(Records drawn from a dataset)
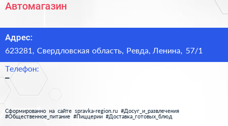 Автомагазин по адресу 623281, Свердловская область, Ревда, Ленина, 57/1 в дальнейшем Организация, размещена в следующих категориях:
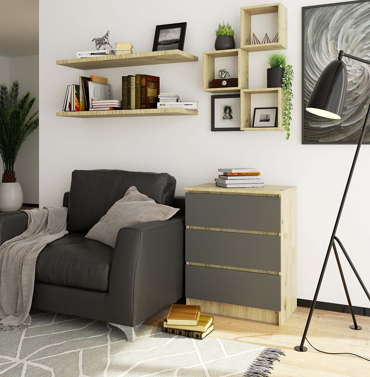 Komoda s třemi zásuvkami v dekoru Dub Artisan a šedými čely. .. více
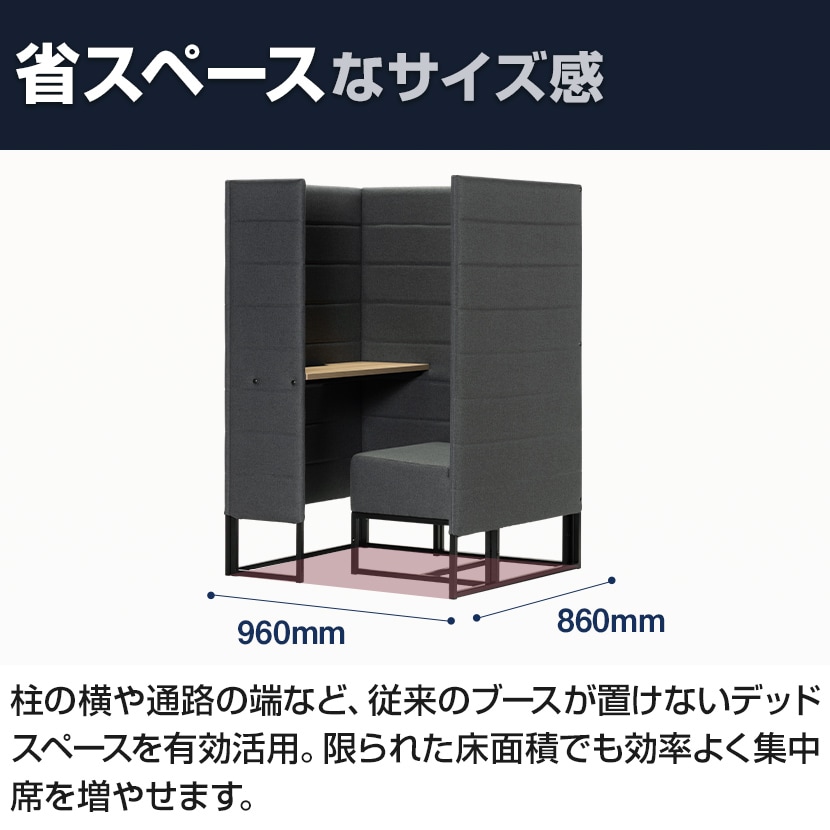 柱の横や通路の端など、従来のブースが置けないデッドスペースを有効活用。限られた床面積でも効率よく集中席を増やせます。
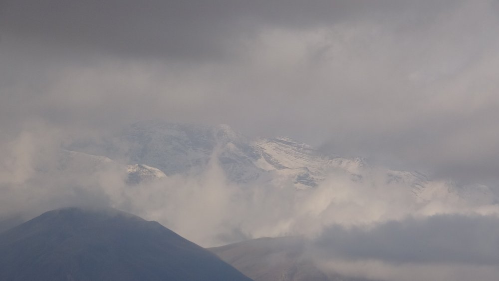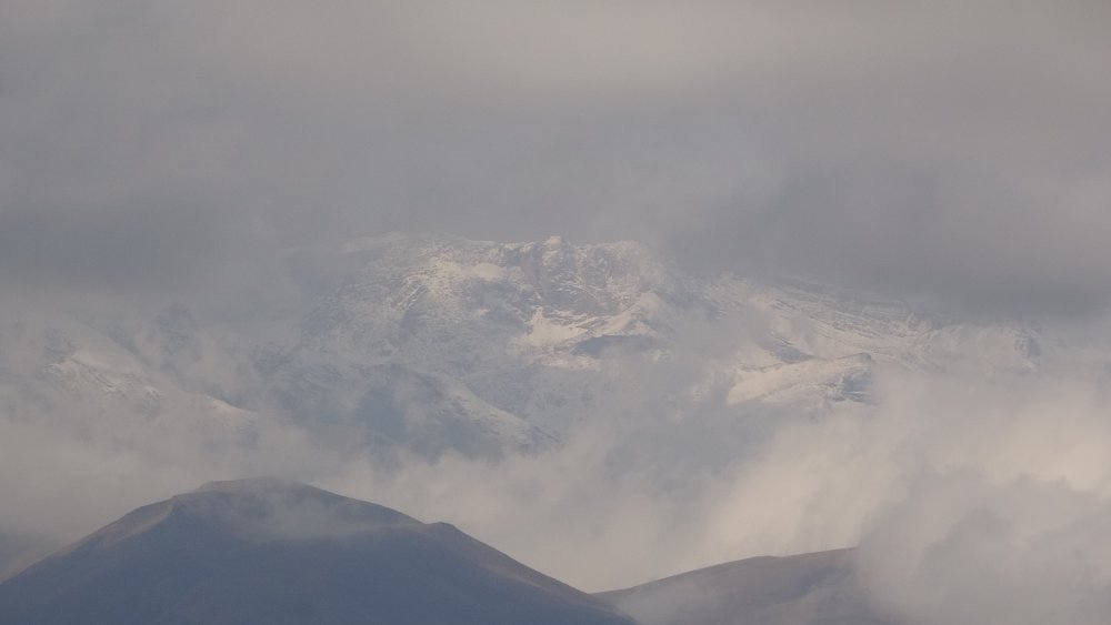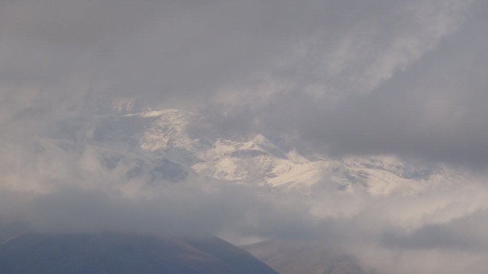 Kar yağışı ile birlikte Cilo Dağları’nın yüksek kesimleri beyaza bürünürken, üzerinde geçen bulutlarla beraber birleşmesi kartpostallık görüntüler oluşturdu.
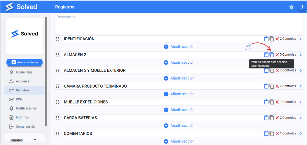 When filling out the record, you’ll be able to answer that section as many times as needed. Just hit the “add section” button.
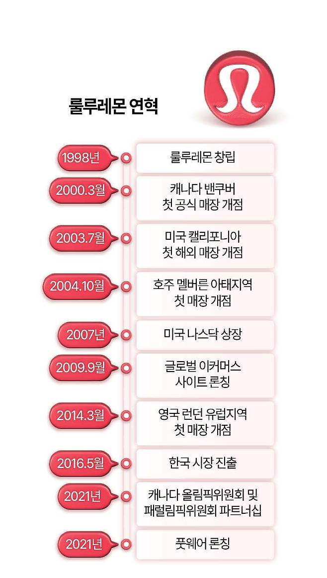 빅토리아시크릿의 편지를 받은 그해 룰루레몬은 호주 멜버른에 아태지역 첫 매장을 열게 된다. 유럽과 아시아에 첫 발을 내딛는 것은 2014년(영국 런던·싱가포르)의 일이다. 한국에는 2016년 5월 서울 청담동에 첫 매장을 열며 진출하게 된다. 그 사이 룰루레몬은 2011년부터 2018년까지 매년 10% 이상 성장하며 여성 기능성 의류 시장의 95%를 장악했다. 2025년 10월 현재 룰루레몬은 전 세계 20여개국에 걸쳐 784개의 매장을 운영하는 거대 브랜드로 성장했다. 기업가치로 따지면 전 세계 스포츠 브랜드 중 다섯 손가락 안에 든다. 룰루레몬의 시가총액은 200억달러를 넘는다. 룰루레몬보다 위에 있는 기업은 나이키와 아디다스, 중국의 안타스포츠 정도밖에 되지 않는다. 아식스, 스케처스, 언더아머, 푸마 등 보다 많은 소비자들에게 친숙한 브랜드를 웃도는 규모다.
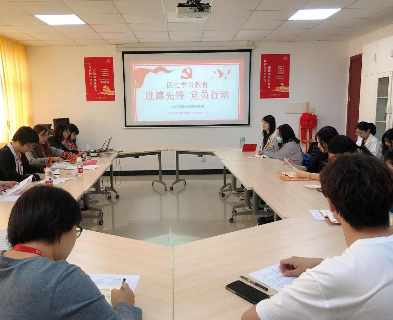 党日活动围绕学习进博会志愿者精神,先后进行了理论知识学习、主题发言和自由交流3个环节。
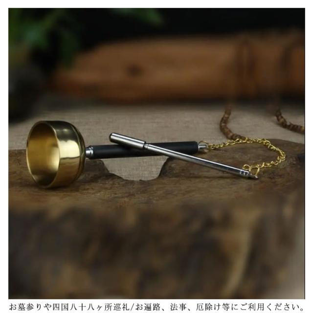 | 持ち運びに便利な収納式のおりん・りん棒・専用収納袋x1のセットです。 りん棒と印金(お輪)はつながっているので、落としたり無くしてしまう心配もございません。 巡拝や外での法要など、立ったままお使いになるのに便利です。 コンパクトですが余韻が続く澄んだ音色が特徴です。 お墓参りや四国八十八ヶ所巡礼/お遍路、法事、厄除け等にご利用ください。 | |
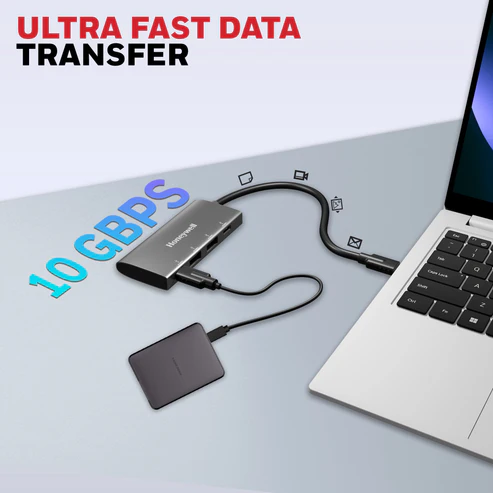 With a compact 30cm cable length, it offers flexible placement on desks and workstation setups, while remaining travel-friendly for users on the move. Built with Honeywell’s trusted quality, this hub is an ideal choice for home, office, and professional environments where high-speed expansion is required.

PROBLEM STATEMENT:
Quote verbatim every line starting at the line that contains "党日活动围绕学习进博会志愿者" and ending with the last line of the records; omit all pictures.

RESULT FOR THIS EXERCISE:
 党日活动围绕学习进博会志愿者精神,先后进行了理论知识学习、主题发言和自由交流3个环节。
 | 持ち運びに便利な収納式のおりん・りん棒・専用収納袋x1のセットです。 りん棒と印金(お輪)はつながっているので、落としたり無くしてしまう心配もございません。 巡拝や外での法要など、立ったままお使いになるのに便利です。 コンパクトですが余韻が続く澄んだ音色が特徴です。 お墓参りや四国八十八ヶ所巡礼/お遍路、法事、厄除け等にご利用ください。 | |
 With a compact 30cm cable length, it offers flexible placement on desks and workstation setups, while remaining travel-friendly for users on the move. Built with Honeywell’s trusted quality, this hub is an ideal choice for home, office, and professional environments where high-speed expansion is required.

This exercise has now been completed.